# Turkey leagues?



## gobblercrazy (May 9, 2008)

Anyone interested in having a little fun this turkey season? I know its early and if this would happen, sign ups wouldnt be till probably february to to early march, but if people are interested i think it could be fun. Just wondering, because i think it would be fun to have a little competition. What do you guys think?


----------



## x-force hunter (Apr 10, 2009)

I'm in.


----------



## BowBoy78 (Aug 17, 2009)

i put up a post a week ago about possibily starting one and i think it is a great idea But i dont know if iam even going to turkey hunting this year
ill snap out of it the night before season and have to go get a tag


----------



## River420Bottom (Jul 21, 2008)

im definately in :thumbs_up:


----------



## bowhunterjon (Jan 24, 2009)

I'm In for sure  hopefully ill get a chance at a big one, we usually get about 7 birds between 4 people.
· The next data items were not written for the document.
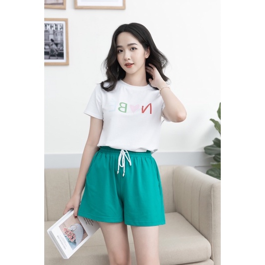 Set bộ quần đùi áo phông thun cotton mặc nhà kèm quần xanh lục NLB00094-WF
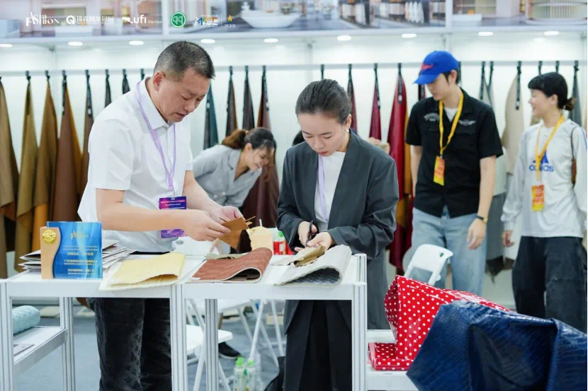 在中国展区的282家参展企业中,有116家企业来自花都,占比达41%,其中狮岭产业集群101家企业“组团出征”,皮具、服饰、箱包等优势品类集体亮相,成为展会最亮眼的“中国力量”。从原创设计的时尚皮具到功能美学兼具的箱包,从高端面料到穿戴配件,花都展区日均接待买家超千人次,成为国际采购商争相驻足的“焦点阵地”。
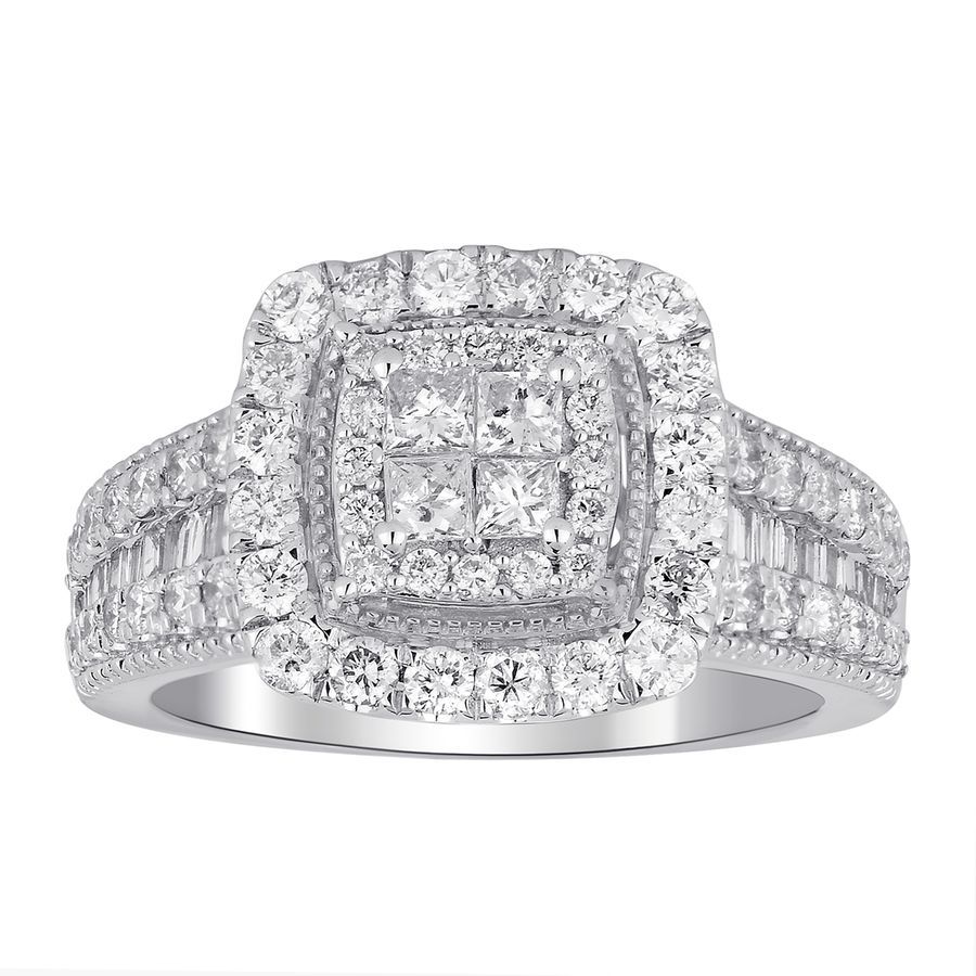 Home Rings LADIES BRIDAL SET 1.50CT ROUND/PRINCESS/BAGUETTE DIAMOND 14K WHITE GOLD
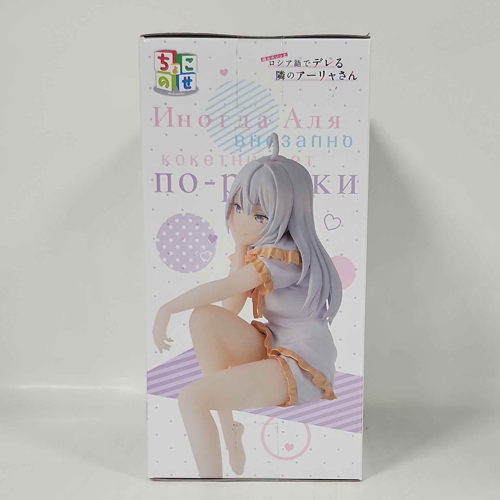 Dressed in a frilled lounge outfit with gentle pastel tones, Alya sits gracefully with her long silver hair flowing naturally and her signature ahoge adding a playful accent. Her shy smile and relaxed posture perfectly capture the quiet, teasing moments fans love from the series.
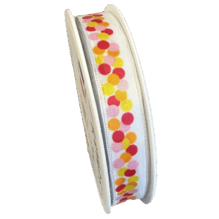 Ruban Satiné, Blanc à Pois de Couleur – Explosion Pop (15mm)
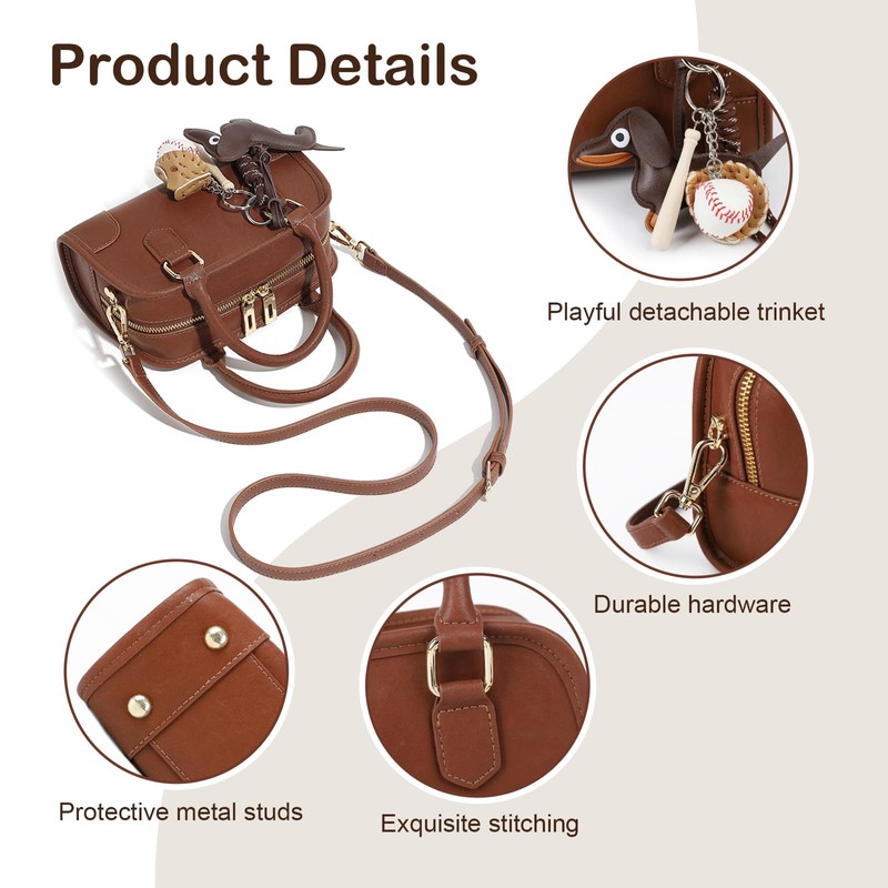 - Design Details: Features detachable adorable charms, Buttery-smooth zipper, and protective metal feet at the base. Designed for daily use, this high-quality crossbody bag is crafted exclusively for women
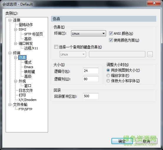 终端选择“Linux”, 勾选“ANSI颜色” 和 “使用颜色方案”,终端颜色配置请见下面后续...
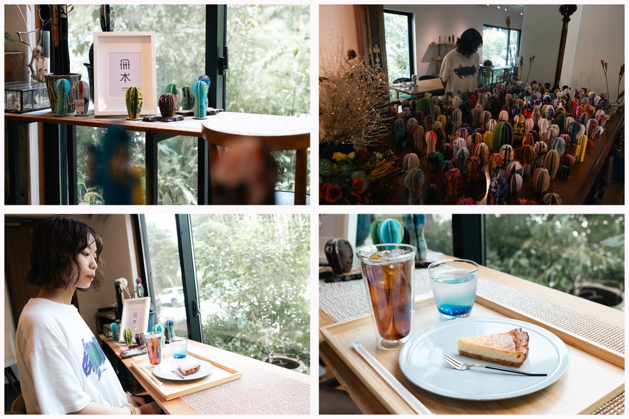 最後に立ち寄ったのはカフェギャラリー・陶片木。喫茶やケーキを楽しむだけでなく、定期的にギャラリー展示も行われています。この日は古紙で作られたサボテンのオブジェが飾られていました。
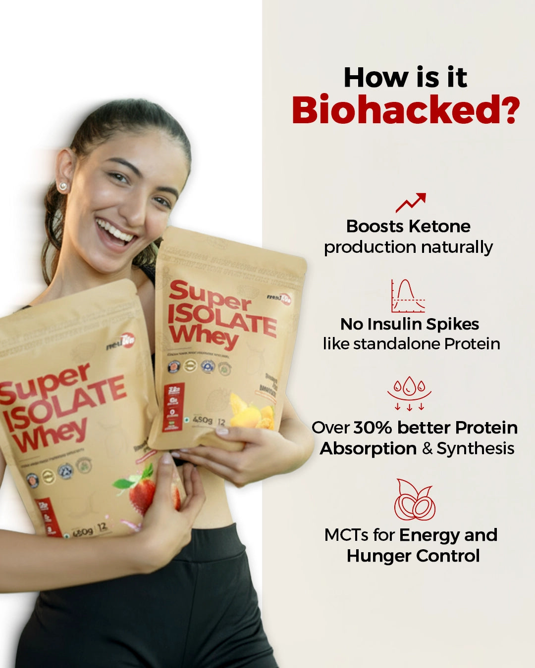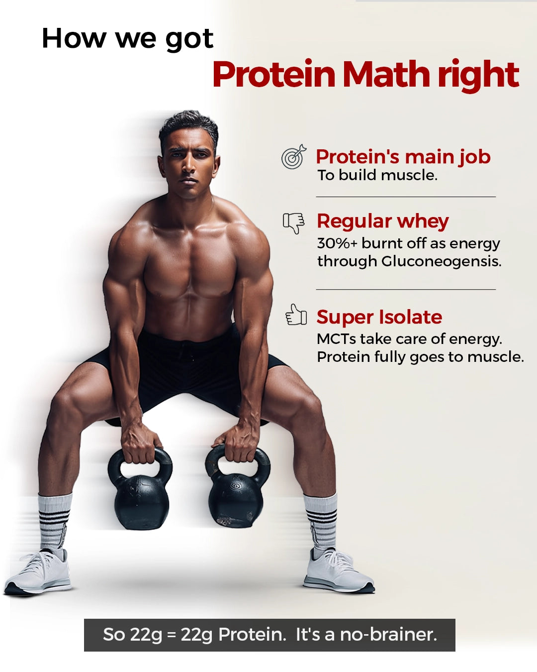 Protein efficiency is the quantum of ‘absorbed’ protein which actually reaches the site of muscle to perform its main function of muscle protein synthesis (MPS). By sparing the Protein from being oxidized for energy via its MCT enriched Fatty Protein formula, Super Isolate improves the efficiency of your absorbed protein by at least 30%, especially for intermittent fasters and low carb athletes.

I haven't got any with a bow yet  should be fun


----------



## 10gblevins02 (Oct 4, 2009)

sounds good to me is it gonna be bow only or can i use my lead slinger too


----------



## gobblercrazy (May 9, 2008)

I was thinking about mainly bow, but if u do kill one with a shotgun it will only be like a 10 point deduction? I do know that when i shot mine with a shotgun and when i killed mine with a bow it was alot harder with the bow. The scoring will be from the NWTF website and well get it all set up if we think we have enough. We'll see...


----------



## River420Bottom (Jul 21, 2008)

i think we should keep it to strictly archery...


----------



## gobblercrazy (May 9, 2008)

Hoyt1021 said:


> i think we should keep it to strictly archery...


I would also like to keep it all archery, but wasnt sure if there are still some guys trying to get there birds. i dont know, it probably will be archery in the end but i was just suggesting something.


----------



## Ignition kid (Oct 7, 2008)

Sounds like an idea.


----------



## PA3-DArcher4 (Nov 5, 2008)

I would love to be in it but ill prolly take a shotgun...


----------



## hstubblefield (Feb 16, 2008)

Im in


----------



## River420Bottom (Jul 21, 2008)

PA3-DArcher4 said:


> I would love to be in it but ill prolly take a shotgun...


ah! come on the bow and blind is way more fun!


----------



## countryboy173 (Jul 18, 2008)

PA3-DArcher4 said:


> I would love to be in it but ill prolly take a shotgun...


X2. Where i hunt there just arnt many turkeys, and I need every advantage I can get. If there is something with shotguns then Im in..


----------



## PA3-DArcher4 (Nov 5, 2008)

Hoyt1021 said:


> ah! come on the bow and blind is way more fun!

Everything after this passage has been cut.